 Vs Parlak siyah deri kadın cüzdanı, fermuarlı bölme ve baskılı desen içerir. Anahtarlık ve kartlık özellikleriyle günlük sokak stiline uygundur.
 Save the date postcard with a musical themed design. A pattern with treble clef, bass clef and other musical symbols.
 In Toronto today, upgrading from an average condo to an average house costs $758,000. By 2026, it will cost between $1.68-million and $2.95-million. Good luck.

--

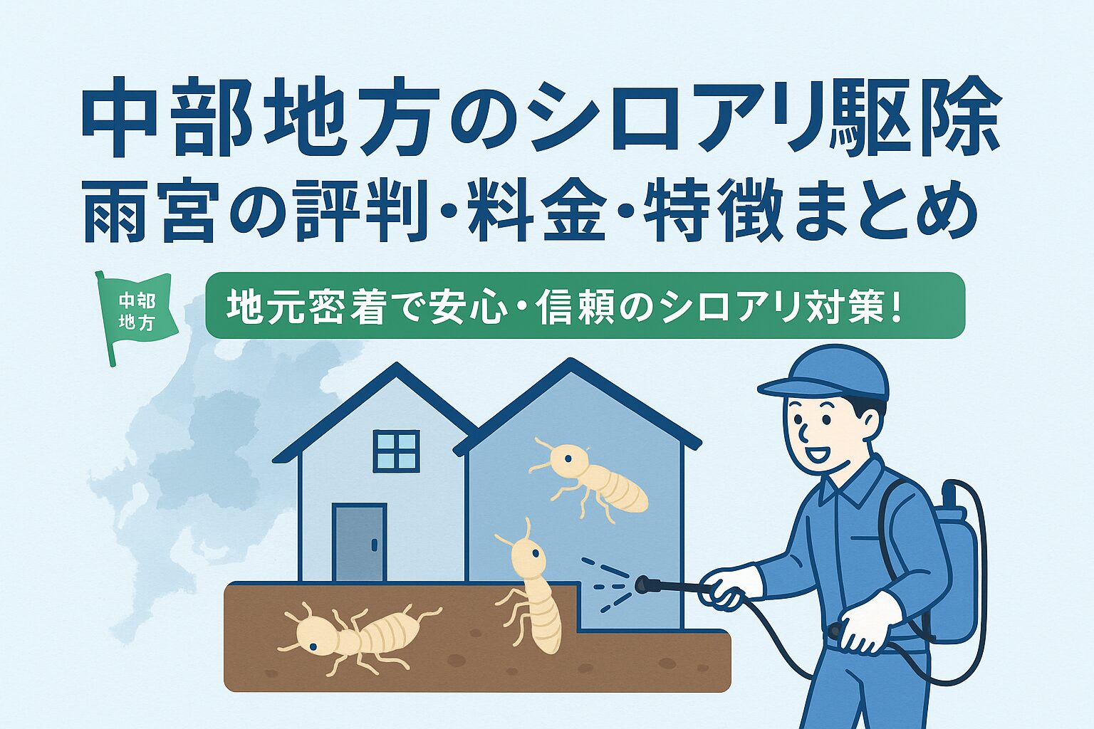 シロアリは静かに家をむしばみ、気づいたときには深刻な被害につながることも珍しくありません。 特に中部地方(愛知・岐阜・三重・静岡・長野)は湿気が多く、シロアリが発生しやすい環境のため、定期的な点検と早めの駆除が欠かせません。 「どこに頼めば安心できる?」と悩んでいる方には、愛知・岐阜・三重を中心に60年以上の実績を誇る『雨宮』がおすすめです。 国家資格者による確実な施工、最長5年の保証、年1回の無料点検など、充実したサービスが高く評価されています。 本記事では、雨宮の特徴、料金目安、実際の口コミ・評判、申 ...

YOUR ASSIGNMENT =>
Retype word for word everything in the listing above from the line that holds "Vs Parlak siyah" down to the line that holds "In Toronto today, upgrading". Keep both end lines and leave out the rest.

SOLVED EXERCISE =>
 Vs Parlak siyah deri kadın cüzdanı, fermuarlı bölme ve baskılı desen içerir. Anahtarlık ve kartlık özellikleriyle günlük sokak stiline uygundur.
 Save the date postcard with a musical themed design. A pattern with treble clef, bass clef and other musical symbols.
 In Toronto today, upgrading from an average condo to an average house costs $758,000. By 2026, it will cost between $1.68-million and $2.95-million. Good luck.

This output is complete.